EXERCISE GOAL:
Print exactly the lines below between the line containing "Estilo: O macacão" and the line containing "새로운 고급 카멜 스타일", counting both of those lines. Leave pictures out.

TASK INPUTS:

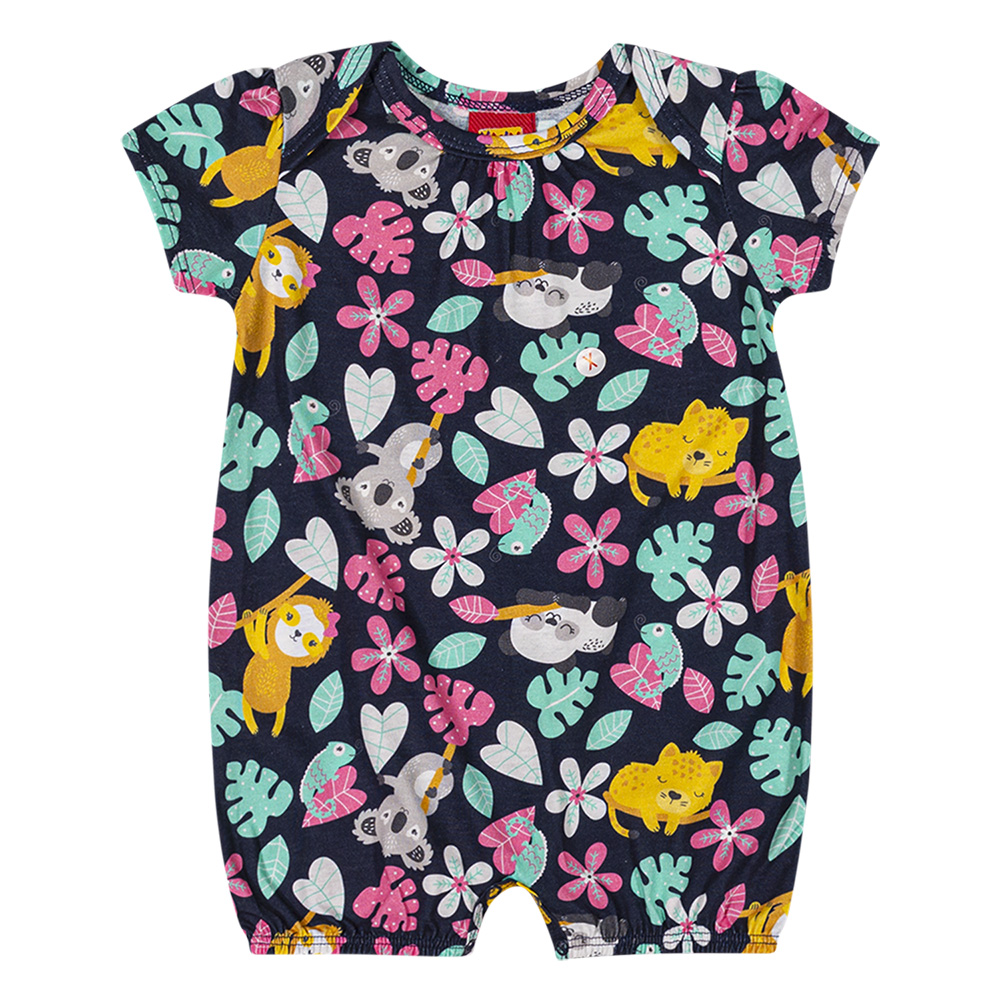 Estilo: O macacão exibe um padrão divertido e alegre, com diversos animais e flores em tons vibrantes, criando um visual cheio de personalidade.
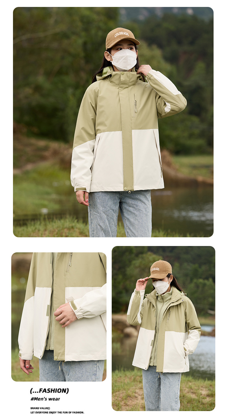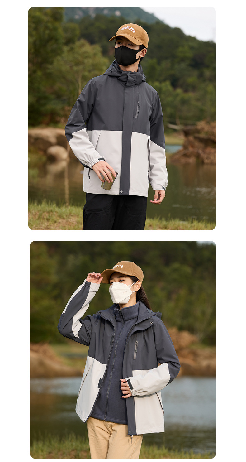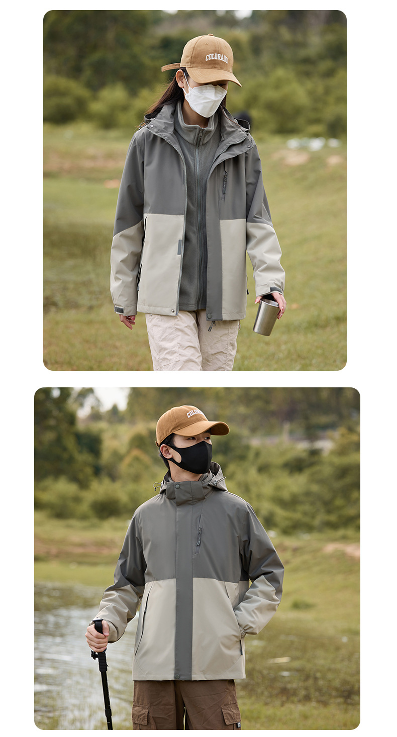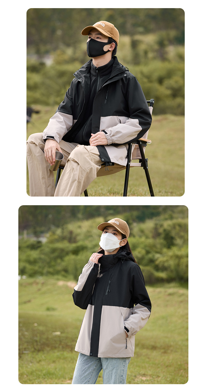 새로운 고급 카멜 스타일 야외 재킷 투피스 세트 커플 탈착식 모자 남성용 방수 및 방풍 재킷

...

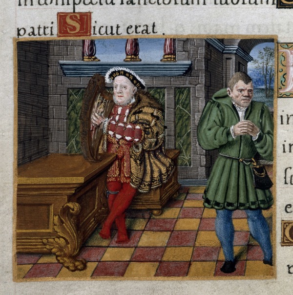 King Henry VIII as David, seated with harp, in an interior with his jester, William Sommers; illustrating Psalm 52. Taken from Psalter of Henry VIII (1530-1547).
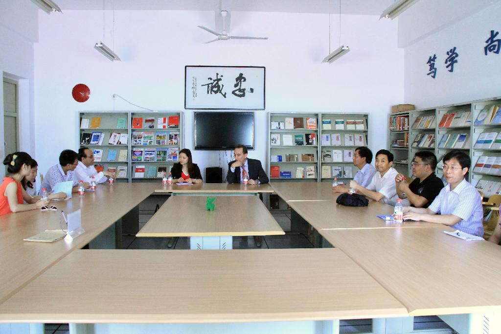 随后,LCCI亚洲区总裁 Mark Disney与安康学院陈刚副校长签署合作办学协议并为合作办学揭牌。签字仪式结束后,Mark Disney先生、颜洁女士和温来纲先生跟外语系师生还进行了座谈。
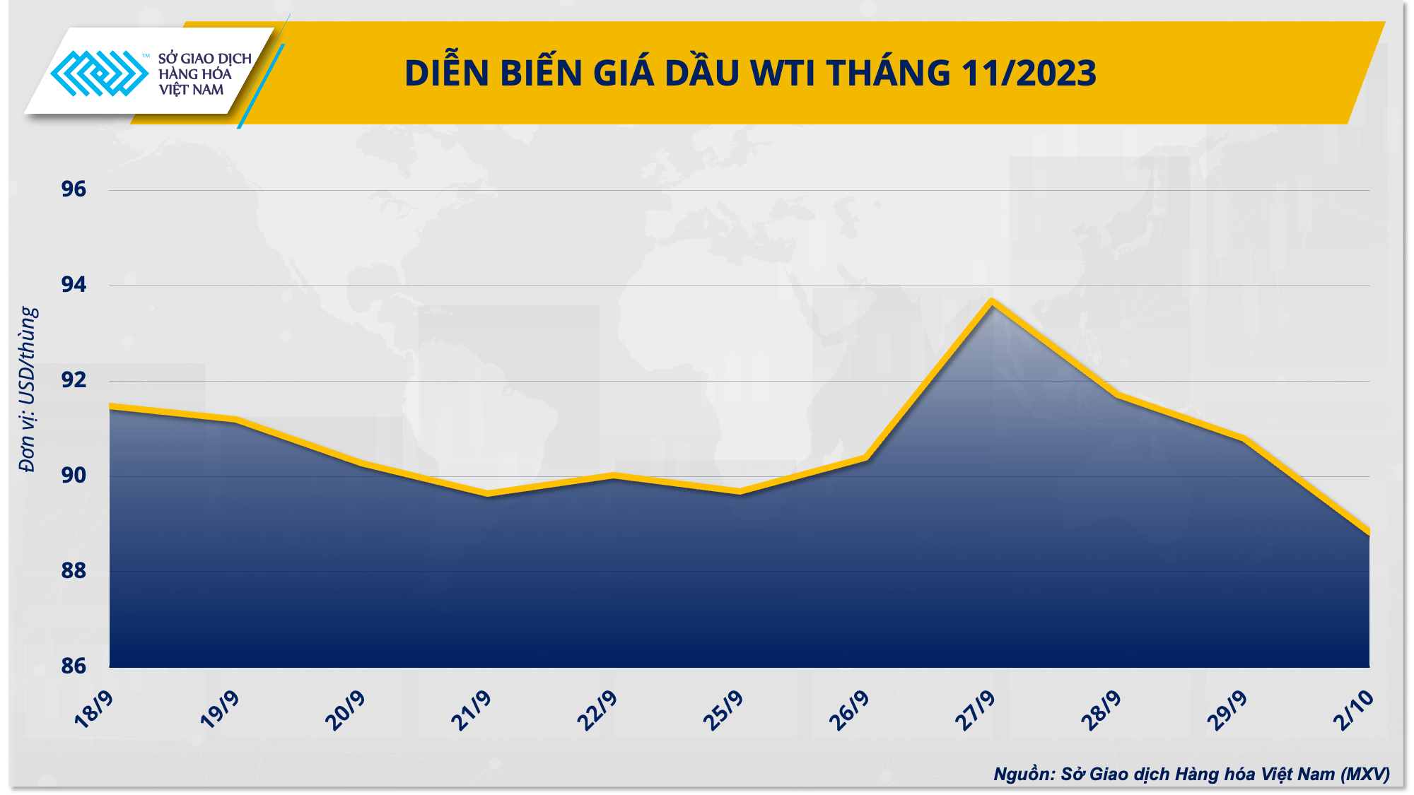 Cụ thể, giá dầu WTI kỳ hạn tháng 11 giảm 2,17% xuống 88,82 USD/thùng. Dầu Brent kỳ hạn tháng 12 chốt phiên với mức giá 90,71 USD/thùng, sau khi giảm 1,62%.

* * *

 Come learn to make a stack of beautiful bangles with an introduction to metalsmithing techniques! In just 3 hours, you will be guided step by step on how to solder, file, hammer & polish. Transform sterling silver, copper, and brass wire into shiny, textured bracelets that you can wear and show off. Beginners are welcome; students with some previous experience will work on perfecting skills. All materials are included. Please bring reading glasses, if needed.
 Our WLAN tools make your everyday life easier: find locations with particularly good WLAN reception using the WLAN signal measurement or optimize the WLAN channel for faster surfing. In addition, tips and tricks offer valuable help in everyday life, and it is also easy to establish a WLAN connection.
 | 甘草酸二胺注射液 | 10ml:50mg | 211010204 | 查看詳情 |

ANSWER BOX:
 Estilo: O macacão exibe um padrão divertido e alegre, com diversos animais e flores em tons vibrantes, criando um visual cheio de personalidade.
 새로운 고급 카멜 스타일 야외 재킷 투피스 세트 커플 탈착식 모자 남성용 방수 및 방풍 재킷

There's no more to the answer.